### EXTRACTED INFORMATION
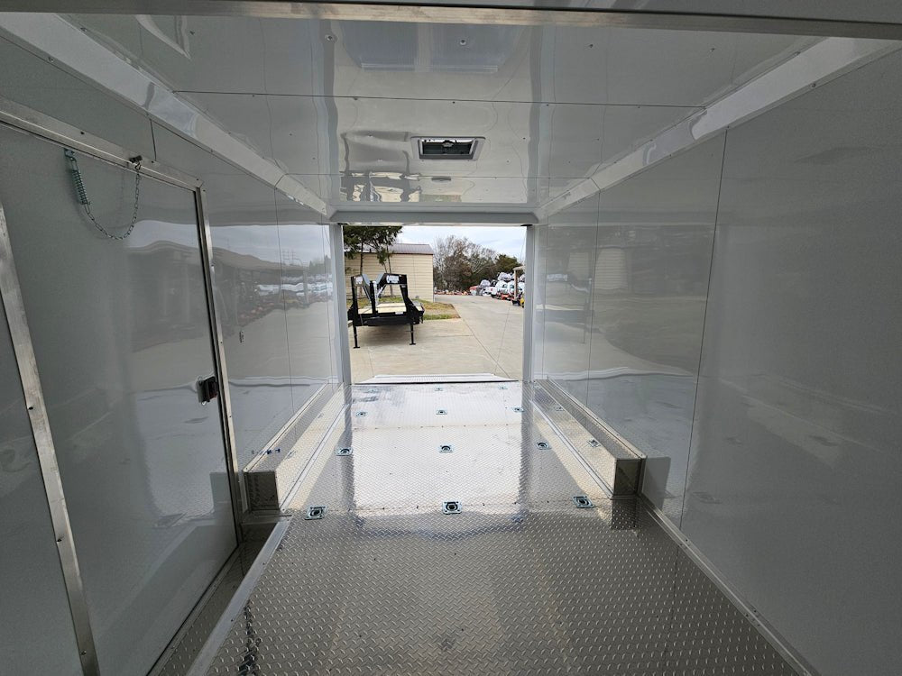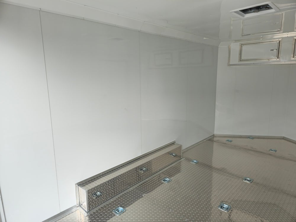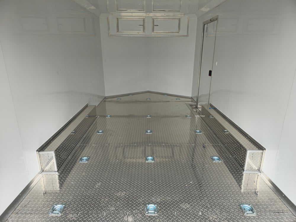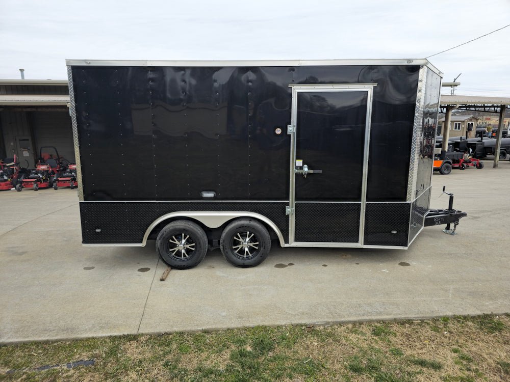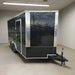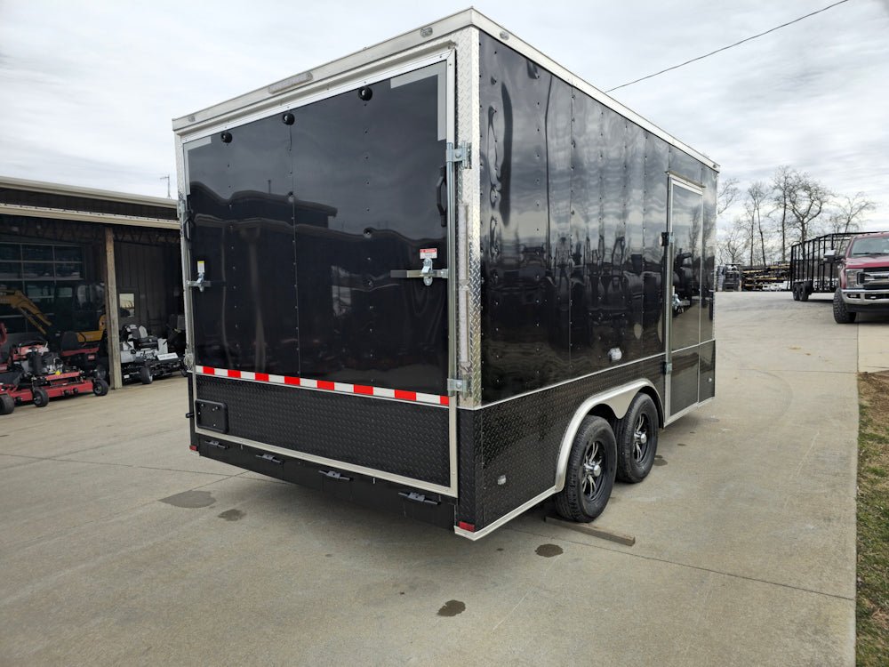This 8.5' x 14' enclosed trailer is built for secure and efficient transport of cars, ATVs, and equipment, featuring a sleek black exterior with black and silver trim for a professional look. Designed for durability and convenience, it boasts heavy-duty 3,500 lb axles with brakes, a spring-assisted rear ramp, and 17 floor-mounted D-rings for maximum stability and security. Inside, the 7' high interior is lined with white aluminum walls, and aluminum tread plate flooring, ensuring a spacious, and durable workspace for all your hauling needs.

* * *

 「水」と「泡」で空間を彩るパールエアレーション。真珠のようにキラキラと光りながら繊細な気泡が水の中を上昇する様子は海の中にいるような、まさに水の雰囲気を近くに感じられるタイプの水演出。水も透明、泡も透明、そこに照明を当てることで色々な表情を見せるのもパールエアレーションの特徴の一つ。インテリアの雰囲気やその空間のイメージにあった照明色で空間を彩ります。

==

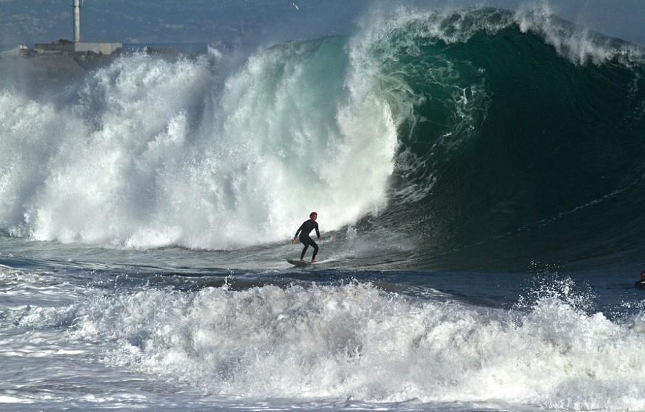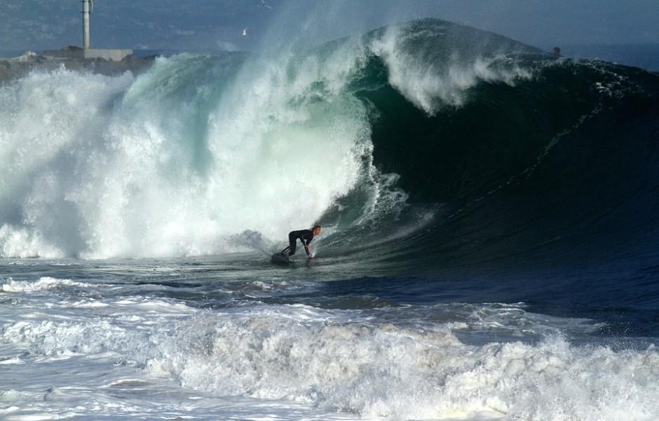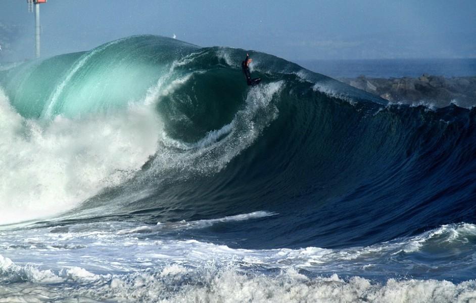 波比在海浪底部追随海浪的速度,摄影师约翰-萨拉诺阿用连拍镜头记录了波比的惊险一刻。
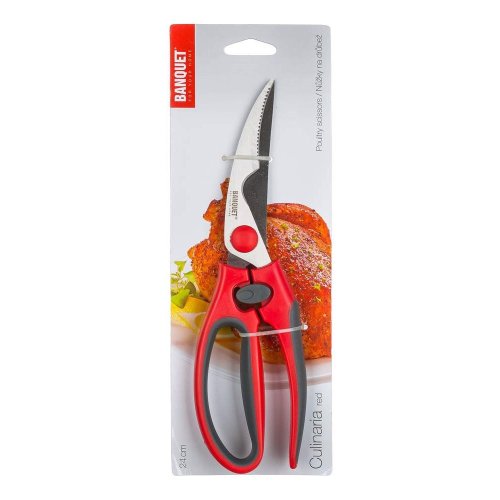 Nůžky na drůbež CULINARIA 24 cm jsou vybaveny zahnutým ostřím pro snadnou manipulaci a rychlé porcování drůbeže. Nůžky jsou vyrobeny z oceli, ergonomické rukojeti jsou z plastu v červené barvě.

### PROMPT
Given the entries above, transcribe exactly the lines from the one holding "波比在海浪底部追随海浪的速度" through the one holding "Nůžky na drůbež"; pictures do not belong in the transcription.

### RESULT
 波比在海浪底部追随海浪的速度,摄影师约翰-萨拉诺阿用连拍镜头记录了波比的惊险一刻。
 Nůžky na drůbež CULINARIA 24 cm jsou vybaveny zahnutým ostřím pro snadnou manipulaci a rychlé porcování drůbeže. Nůžky jsou vyrobeny z oceli, ergonomické rukojeti jsou z plastu v červené barvě.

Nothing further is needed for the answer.